20. Question: How could the plates have accelerated to CPT velocities without ripping apart and without being impeded by drag from the underlying asthenosphere?

Response: As I have mentioned previously in answers to earlier questions, the fact that mantle rock weakens so dramatically with increasing temperature means that the hot asthenosphere is a thousand times, or more, weaker than most lithosphere. The presence of water at levels of 100 ppm or so within the lattices of asthenospheric minerals is likely a cause for even greater asthenospheric weakness. This is true for the earth today—even without the runaway stress weakening that kicked in to allow CPT to take place during the Flood. Here I am using weakness synonymously with low viscosity. This huge contrast in strength between lithosphere and asthenosphere means that drag forces on the base of the lithosphere tend to be negligible compared to plate strength. This contrast tends to persist as runaway rapidly reduces rock strength everywhere throughout the mantle. This contrast allows in today’s earth, for example, for the Pacific Plate to move in a highly coherent plate-like fashion—that is, with essentially no deformation internal to the plate—over a distance of more than 10,000 km (6000 mi). This represents the distance from where the Pacific Plate is forming via seafloor spreading at the East Pacific Rise—not that far west of the South American coast—to where it plunges into the Kurile-Japan-Izu-Bonin-Marianas trench in the western Pacific—roughly a quarter the distance around the earth. There is no indication of any failure in tension with regard to the huge Pacific Plate today as it moves at approximately 8 cm/yr relative to the no-net-rotation reference frame for the earth. Again, such motion is possible only because the asthenosphere is so extremely weak in comparison with the Pacific Plate, which leads to near perfect decoupling of the Pacific Plate with respect to the deep mantle except along its subducting boundary.
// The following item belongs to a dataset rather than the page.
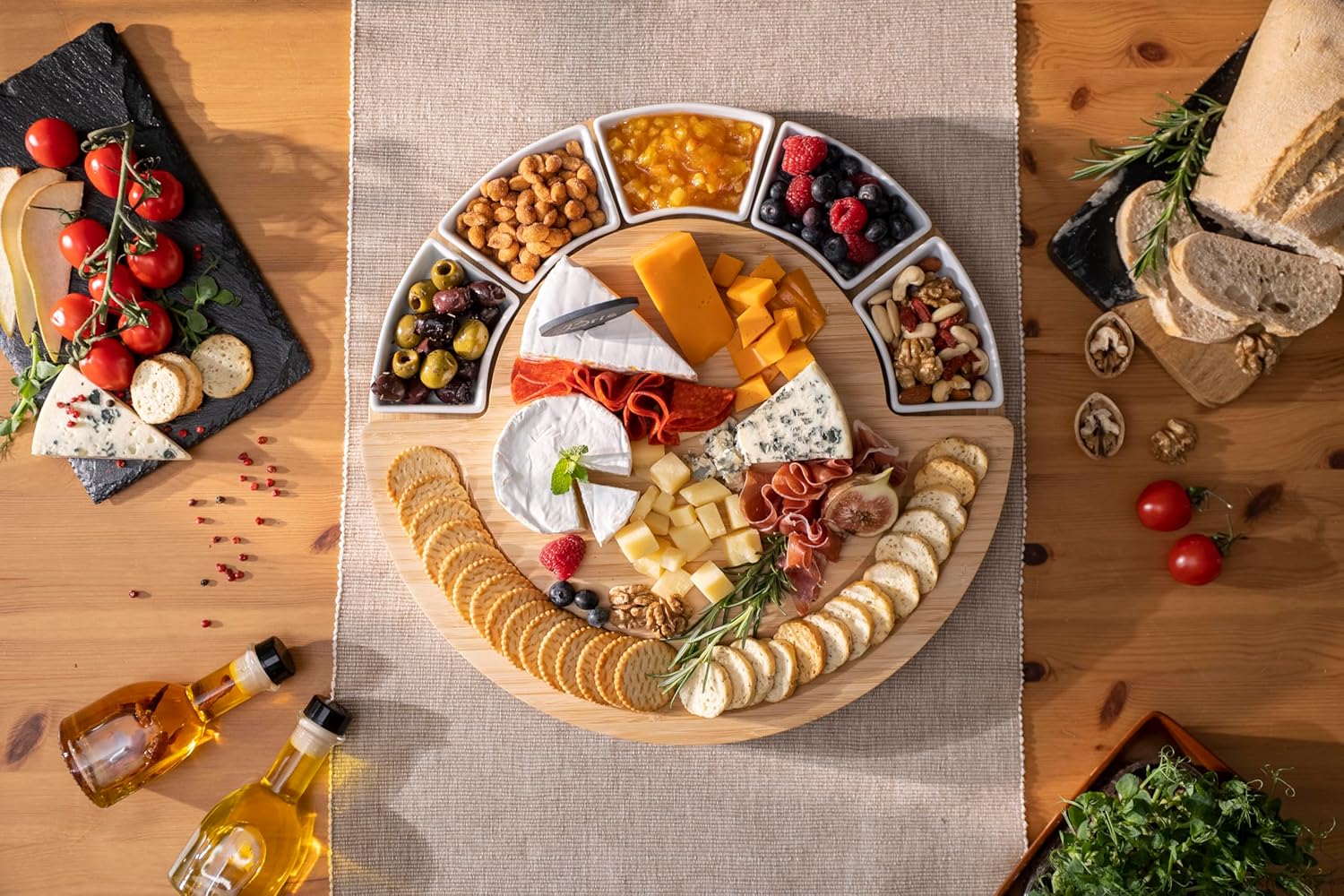 - More Spacious Than Most: Thanks to its wide 16 inches diameter, this bamboo wood cheese cutting tray has all the room you'll need for crackers, serving utensils and cutlery for cheese and meat.

What about plate failure because of sudden acceleration? Even for the sorts of peak plates speeds implied by the CPT framework, which are on the order of a few meters per second, if these are realized in as little time as an hour, the acceleration implied is only a tiny fraction of one g. For example, a change in speed of 3.6 m/s spread over an hour (3600 seconds) is only 0.001 m/s2, or 0.0001 g. The level of stress associated with such small acceleration is negligible compared with the strength of a lithospheric plate.